### Available data
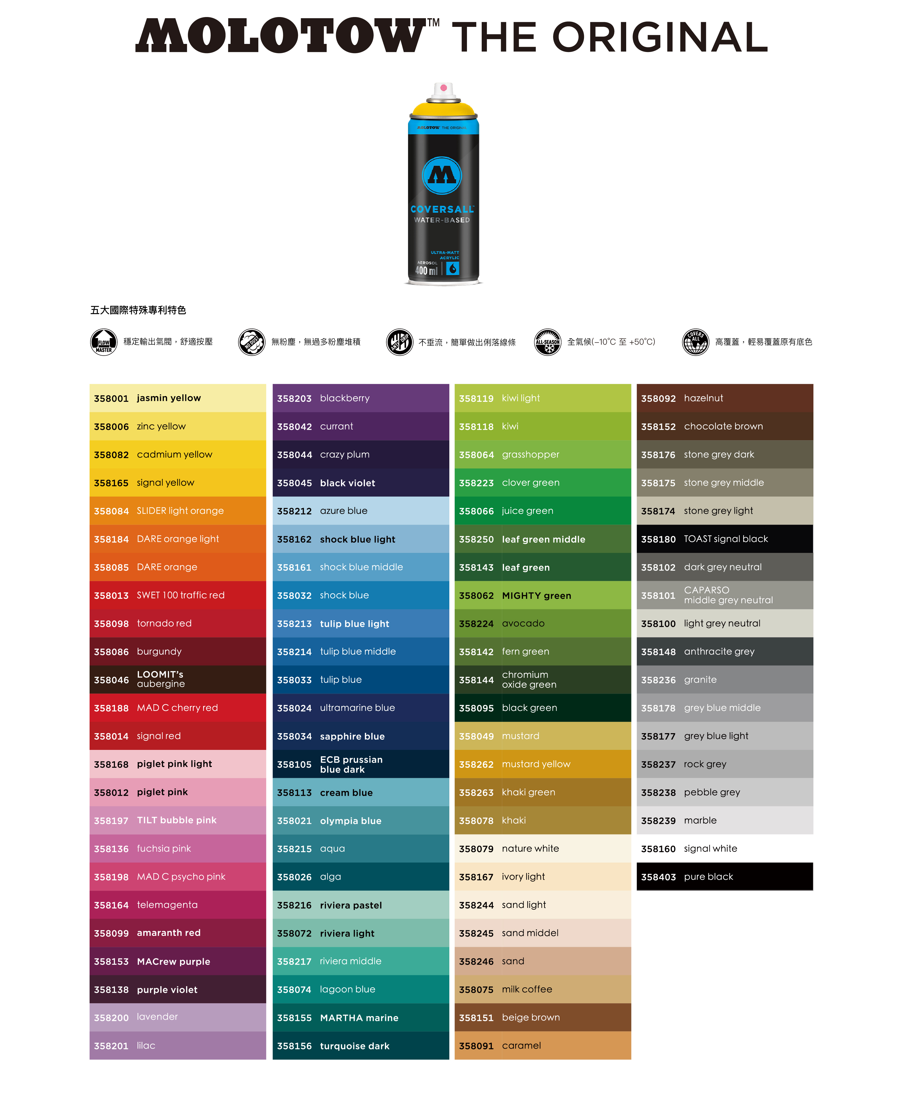 這款水性噴漆可以說是一種創新的改革,也是非常適合塗鴉的一款噴漆,除了高度覆蓋之外也有著超快乾的性能,甚至是噴塗時沒有任何氣味,可說是水性噴漆裡的一頭猛獸,這也是我們MOLOTOW™的特殊高性能技術.
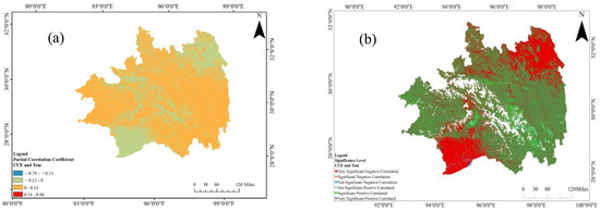 The partial correlation coefficients (a) and the accompanying significance test results (b) for the relationship between CUE and temperature in the Southeast Tibet region.
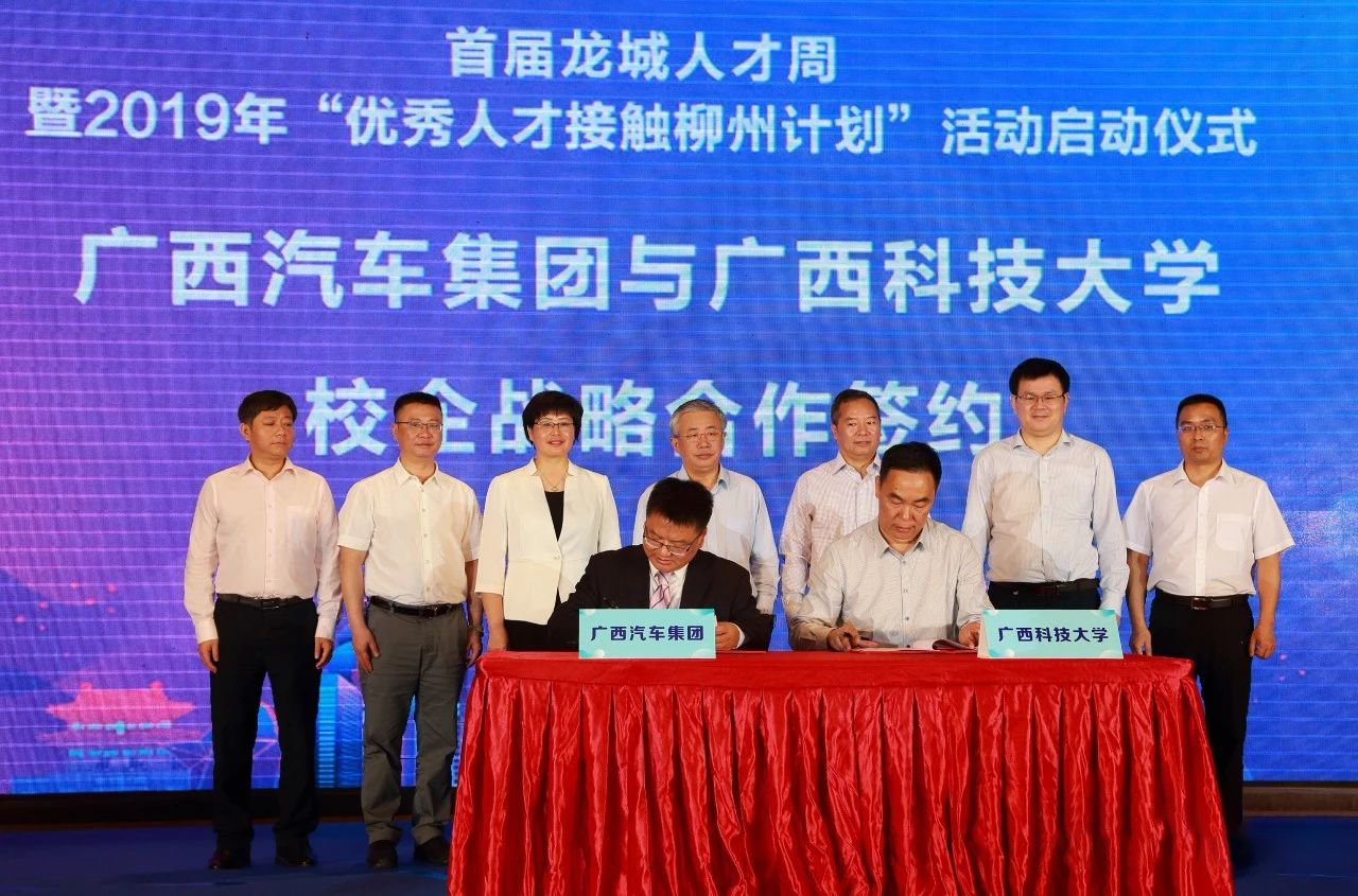 4月10日,首届龙城人才周暨2019年“优秀人才接触柳州”活动在柳州举行启动仪式。在启动会上日本av大全 获得了博士后科研工作站授牌、与武汉理工大学签订汽车人才培训培养合作框架协议以及与广西科技大学签订战略合作框架协议。
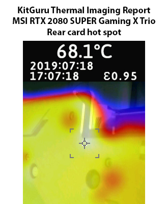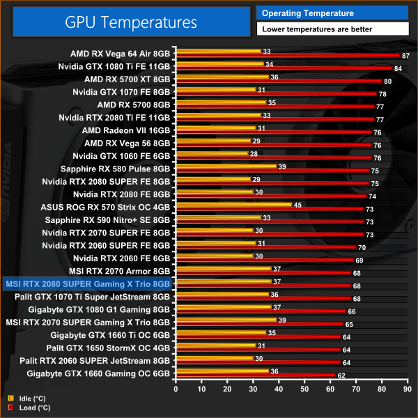 We already know from our 2070 SUPER Gaming X Trio review that this cooler is very effective, and we again see impressive results here, with the 2080 SUPER peaking at 68C under load. This is a 7C reduction in temperatures versus the Founders Edition, and while it is 3C hotter than the 2070 SUPER from MSI, the 2080 SUPER has 512 more CUDA cores so we would expect slightly higher temperatures.
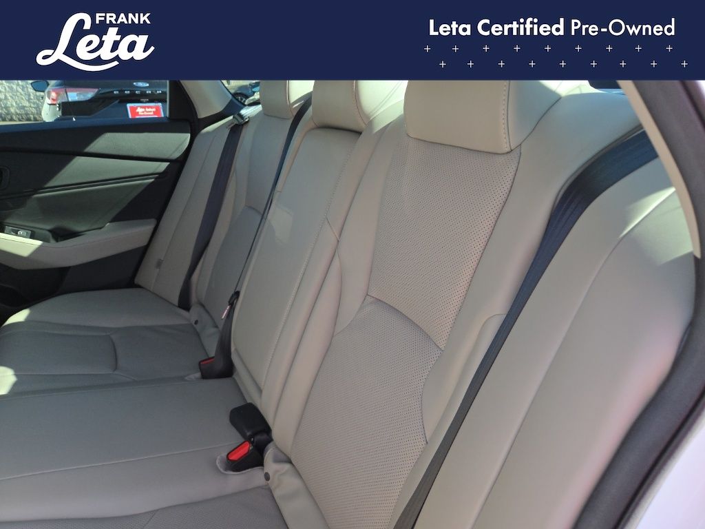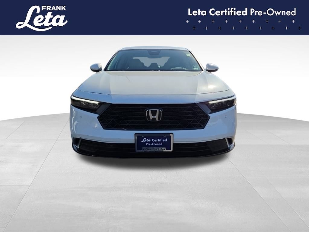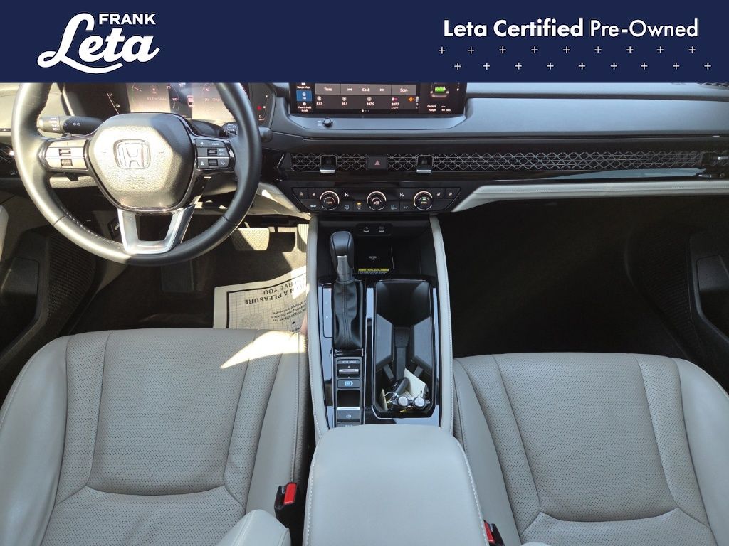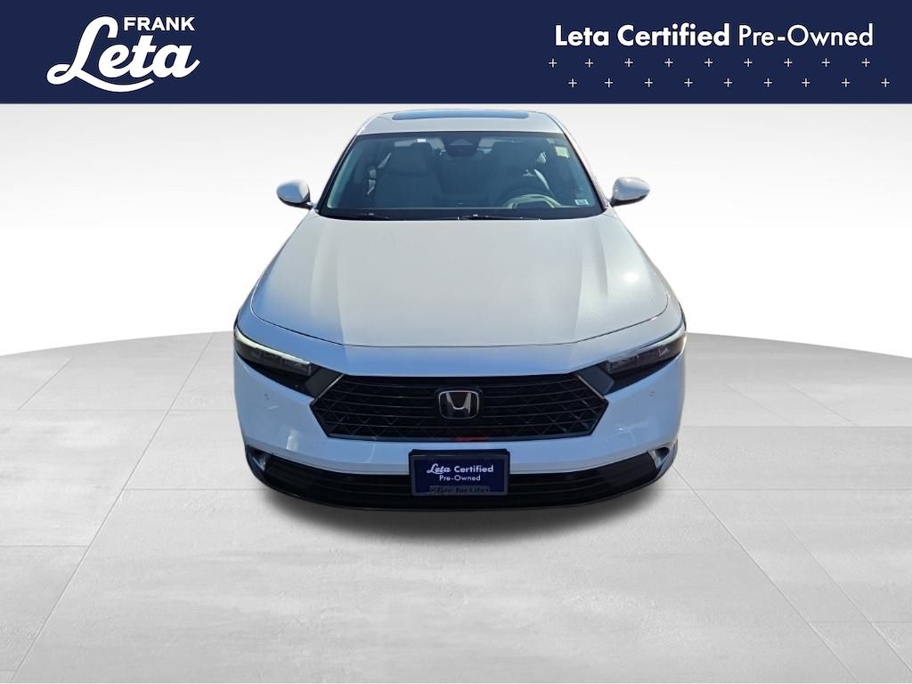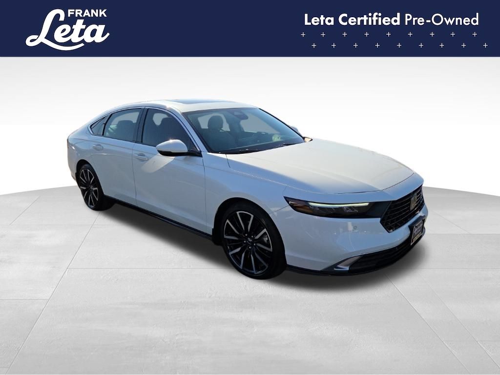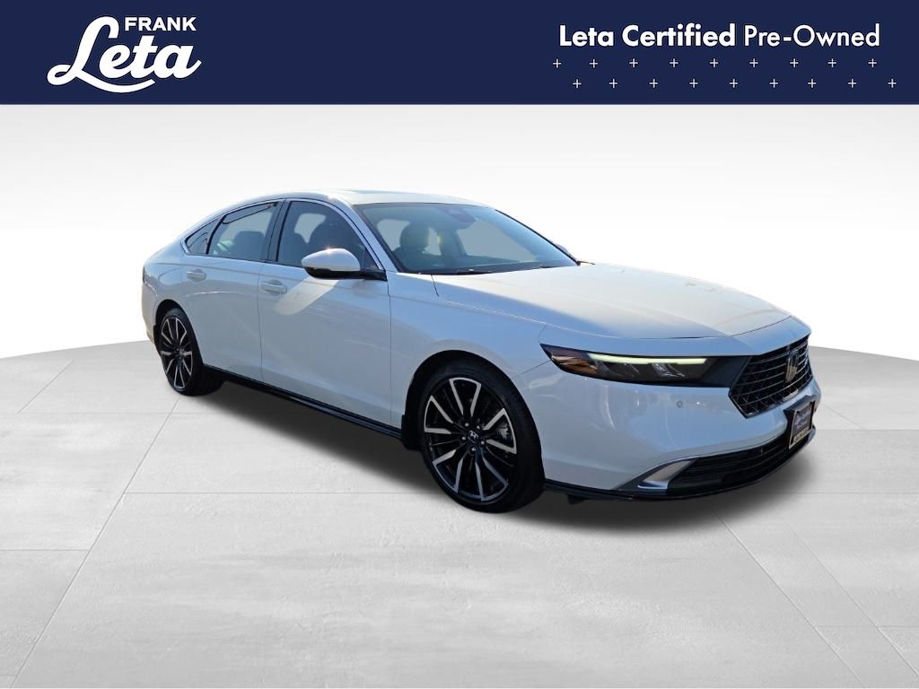 CARFAX One-Owner. 2024 Honda Accord Hybrid Touring Platinum White Pearl Accord Hybrid Touring, Frank Leta Certified Certified, 2.0L 16V DOHC, Platinum White Pearl, Gray w/Leather-Trimmed Seat Trim, Adaptive Cruise Control: Adaptive Cruise Control (ACC) with Low-Speed Follow, Apple CarPlay/Android Auto, Auto-dimming Rear-View mirror, Blind Spot Information (BSI) System warning, Bose Premium Sound System, Exterior Parking Camera Rear, Front dual zone A/C, Fully automatic headlights, Heads-Up Display, Heated front seats, Heated rear seats, Lane departure: Lane Keeping Assist System (LKAS) active, Memory seat, Navigation System, Power moonroof, Ventilated front seats, Wheels: 19" x 8.5J Berlina Black, 12 Speakers, 4-Wheel Disc Brakes, ABS brakes, Adaptive suspension, Air Conditioning, AM/FM radio, Auto High-beam Headlights, Automatic temperature control, Brake assist, Bumpers: body-color, Compass, Delay-off headlights, Driver door bin, Driver vanity mirror, Dual front impact airbags, Dual front side impact airbags, Electronic Stability Control, Emergency communication system: HondaLink, Four wheel independent suspension, Front anti-roll bar, Front Bucket Seats, Front Center Armrest, Front reading lights, Heated & Ventilated Front Bucket Seats, Heated door mirrors, Illuminated entry, Knee airbag, Leather Shift Knob, Leather steering wheel, Leather-Trimmed Seat Trim, Low tire pressure warning, Occupant sensing airbag, Outside temperature display, Overhead airbag, Overhead console, Panic alarm, Passenger door bin, Passenger vanity mirror, Power door mirrors, Power driver seat, Power passenger seat, Power steering, Power windows, Radio data system, Rain sensing wipers, Rear anti-roll bar, Rear reading lights, Rear seat center armrest, Rear side impact airbag, Rear window defroster, Remote keyless entry, Security system, Speed control, Speed-sensing steering, Speed-Sensitive Wipers, Split folding rear seat, Steering wheel mounted audio controls, Telescoping steering wheel, Tilt steering wheel, Traction control, Trip computer, Turn signal indicator mirrors, Variably intermittent wipers, Accord Hybrid Touring, 2.0L 16V DOHC, Platinum White Pearl, Black w/Leather-Trimmed Seat Trim, Adaptive Cruise Control: Adaptive Cruise Control (ACC) with Low-Speed Follow, Apple CarPlay/Android Auto, Auto-dimming Rear-View mirror, Blind Spot Information (BSI) System warning, Bose Premium Sound System, Exterior Parking Camera Rear, Front dual zone A/C, Fully automatic headlights, Heads-Up Display, Heated front seats, Heated rear seats, Lane departure: Lane Keeping Assist System (LKAS) active, Memory seat, Navigation System, Power moonroof, Ventilated front seats, Wheels: 19" x 8.5J Berlina Black. 2.0L 16V DOHC eCVT FWD 4D Sedan 46/41 City/Highway MPG
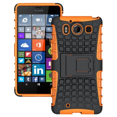 NAKEDCELLPHONE'S NEON ORANGE/BLACK GRENADE GRIP RUGGED TPU SKIN HARD CASE COVER STAND FOR AT&T MICROSOFT LUMIA 950 PHONE (AND UNLOCKED LUMIA 950 DUAL)
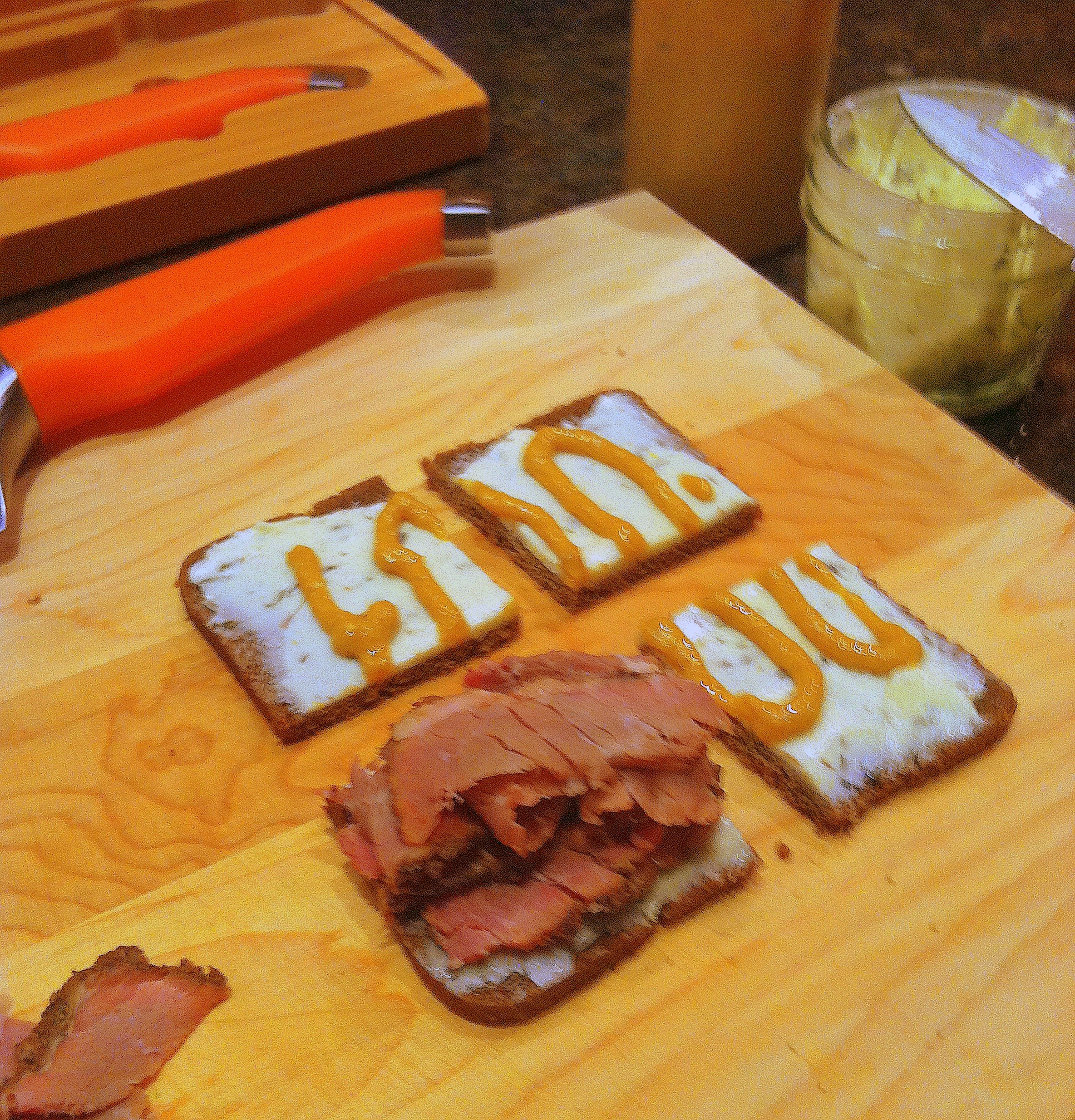 Lakefront Brewing – Riverwest Stein : A beautiful, malty amber lager, which despite their website’s recommendation to pair with German food, we paired with our version of Pastrami on Rye. The pastrami was a gift from my good friend, Tom, which he based on Michael Ruhlman’s pastrami shared at his blog, then smoked on the Green Egg. We returned to our smorrebrod approach we’ve discussed before. We spread a thyme butter on Rubschlager Pumpernickel Rye, add a malt vinegar mustard and then slice into quarters.  Each piece is then topped with the smokey goodness of pastrami.
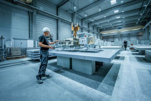 In unserer Flachproduktion fertigen wir Dächer, Zwischenböden oder auch Innenwände. Unsere GRITECer*innen stellen die Bewehrungen in den Schalungen her und arbeiten eng mit unseren Schreinern zusammen, die für die individuellen Aussparungen für Fenster und Türen verantwortlich sind. Die voll ausgestattete Tischlerei kümmert sich um alle Einschalarbeiten, damit Öffnungen und Türen auch ihren richtigen Platz bekommen.
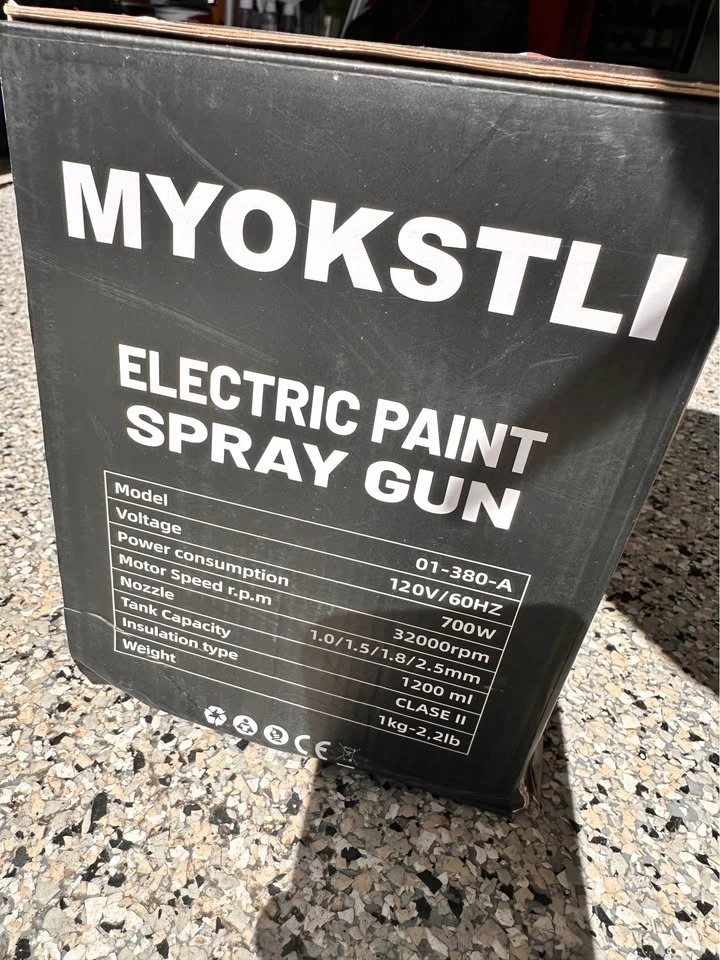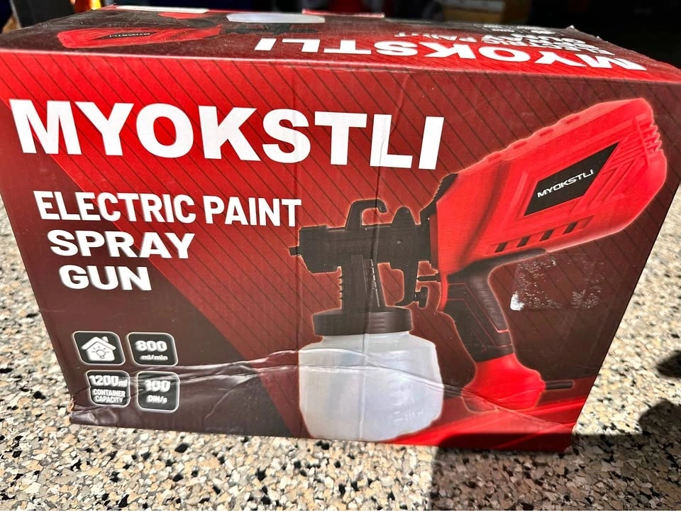 This is a brand new electric paint spray gun, still in its original box. It's ready for your next painting project.

### Exercise
Begin at the top of the records above and retype each line exactly until the line containing "The partial correlation", which is included. Skip all pictures.

### Response to this task
 這款水性噴漆可以說是一種創新的改革,也是非常適合塗鴉的一款噴漆,除了高度覆蓋之外也有著超快乾的性能,甚至是噴塗時沒有任何氣味,可說是水性噴漆裡的一頭猛獸,這也是我們MOLOTOW™的特殊高性能技術.
 The partial correlation coefficients (a) and the accompanying significance test results (b) for the relationship between CUE and temperature in the Southeast Tibet region.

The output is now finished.